# Estimating a new house



## THE-PLUMMER (Oct 5, 2013)

Hi All,
Was thinking of taking on some side work. I been offered a chance to do a few houses on the weekends. I was wondering what is the going rate to figure a fixture for it. Was going to let the home owner buy the fixtures and I'll provided the labor and material. Thanks for the help in advance.


----------



## rjbphd (Feb 5, 2010)

THE-PLUMMER said:


> Hi All,
> Was thinking of taking on some side work. I been offered a chance to do a few houses on the weekends. I was wondering what is the going rate to figure a fixture for it. Was going to let the home owner buy the fixtures and I'll provided the labor and material. Thanks for the help in advance.


Get out of here with that forbidden message..


----------



## justme (Jul 4, 2012)

THE-PLUMMER said:


> Hi All,
> Was thinking of taking on some side work. I been offered a chance to do a few houses on the weekends. I was wondering what is the going rate to figure a fixture for it. Was going to let the home owner buy the fixtures and I'll provided the labor and material. Thanks for the help in advance.

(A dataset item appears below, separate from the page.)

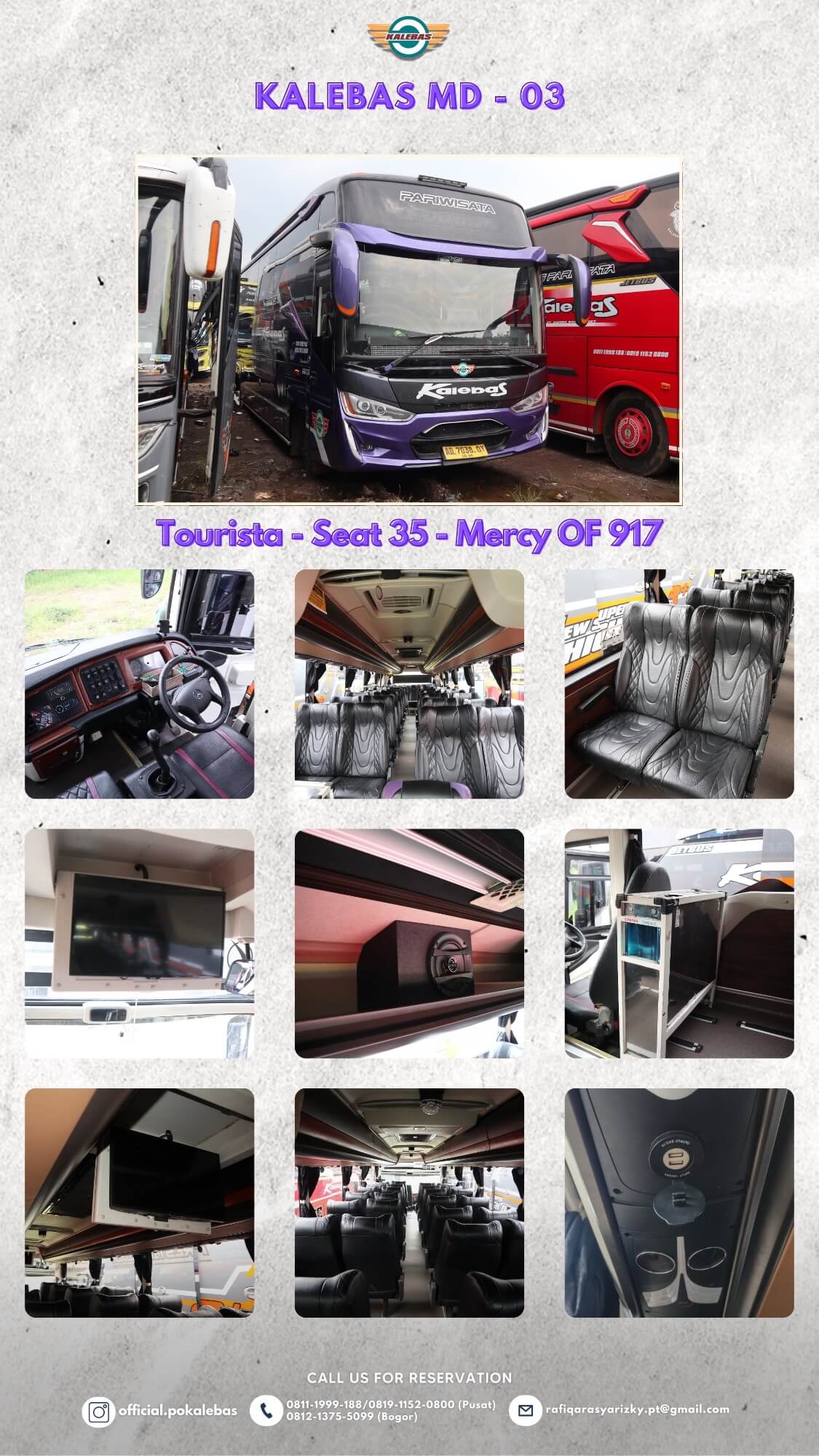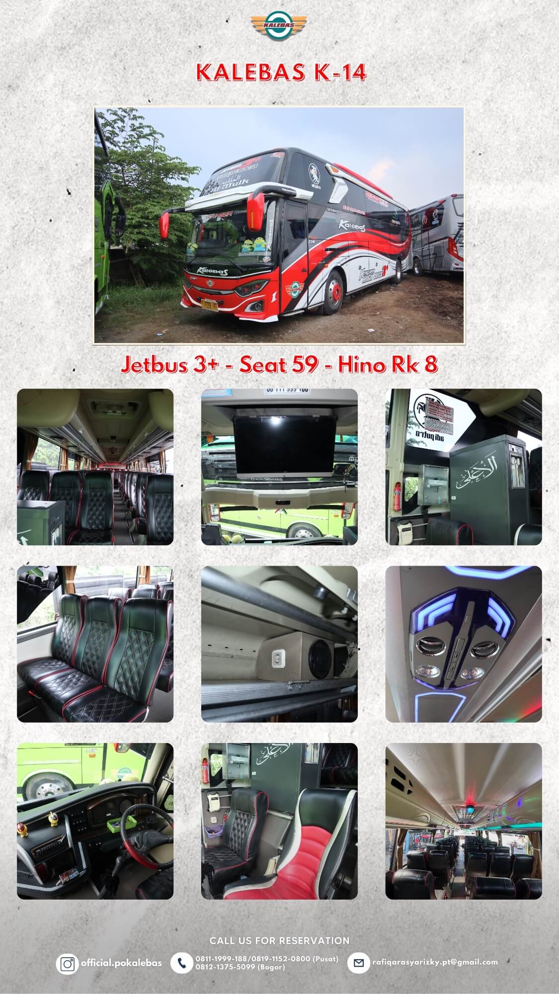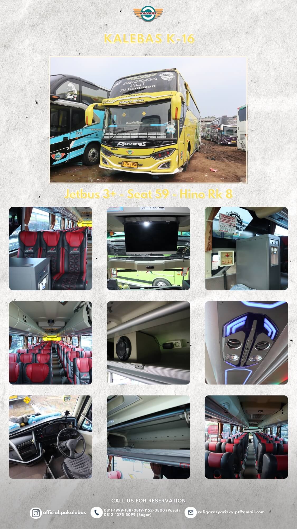 Setiap unit bus pariwisata PO Kalebas menjalani perawatan rutin dan pengecekan berkala guna menjamin standar keselamatan yang tinggi. Didukung oleh pengemudi berpengalaman serta kru profesional, kami berkomitmen memberikan pelayanan yang ramah, tepat waktu, dan responsif terhadap kebutuhan pelanggan.

depends on your location , is there gas or is everything electric . 1 story or 2, is there a basement?


----------



## Bill (Jun 17, 2008)

Are you licensed yourself??


----------



## HSI (Jun 3, 2011)

The going price around here is $125 per fixtures. We never collect any money until the house has passed final inspection. We never insult the customers with pre lein notices either. Remember to always trust your customers. Do that and you should be alright.


----------



## MTDUNN (Oct 9, 2011)

HSI said:


> The going price around here is $125 per fixtures. We never collect any money until the house has passed final inspection. We never insult the customers with pre lein notices either. Remember to always trust your customers. Do that and you should be alright.


Unfortunately, it's Oregon law to give notice to homeowner about construction liens for jobs over 2K. 

https://ccbed.ccb.state.or.us/WebPDF/CCB/Publications/information notice liens.pdf


----------



## wyrickmech (Mar 16, 2013)

HSI said:


> The going price around here is $125 per fixtures. We never collect any money until the house has passed final inspection. We never insult the customers with pre lein notices either. Remember to always trust your customers. Do that and you should be alright.


wow we always figured 220 per trap for material and fixtures


----------



## rjbphd (Feb 5, 2010)

wyrickmech said:


> wow we always figured 220 per trap for material and fixtures


Why are we helping this un licensed side jobber without proper intro here??


----------



## MTDUNN (Oct 9, 2011)

rjbphd said:


> Why are we helping this un licensed side jobber without proper intro here??


You can lose your ass low balling a new house if you don't have the experience. Lose your trade license pay fine etc.. Not worth the trouble would be my best advice


----------



## wyrickmech (Mar 16, 2013)

rjbphd said:


> Why are we helping this un licensed side jobber without proper intro here??


trust me if he takes any of our advices he won't be around long


----------



## tims007 (Aug 31, 2013)

lol $125 a fixture .. i thought it was $3,000 jk jk


----------



## Redwood (Sep 8, 2008)

wyrickmech said:


> wow we always figured 220 per trap for material and fixtures


Wow that's really expensive...

The best we've ever gotten here is $85 per fixture...

I wouldn't do that lien notice either all it does is scare the hell out of the customer....


----------



## AKdaplumba (Jan 12, 2010)

i charge 2k a fixture, that encludes the lien


----------



## wyrickmech (Mar 16, 2013)

AKdaplumba said:


> i charge 2k a fixture, that encludes the lien


don't forget to add the cost of ins I think that was 1.10 a fixture. O ya Obamacare to that is another 2000 a fixture


----------



## crown36 (May 21, 2013)

THE-PLUMMER said:


> Hi All,
> Was thinking of taking on some side work. I been offered a chance to do a few houses on the weekends. I was wondering what is the going rate to figure a fixture for it. Was going to let the home owner buy the fixtures and I'll provided the labor and material. Thanks for the help in advance.


 I am the last guy you want to deal with on here! Trust me! *GET OUT OF HERE! NOW!!!!!!!!!!!*


----------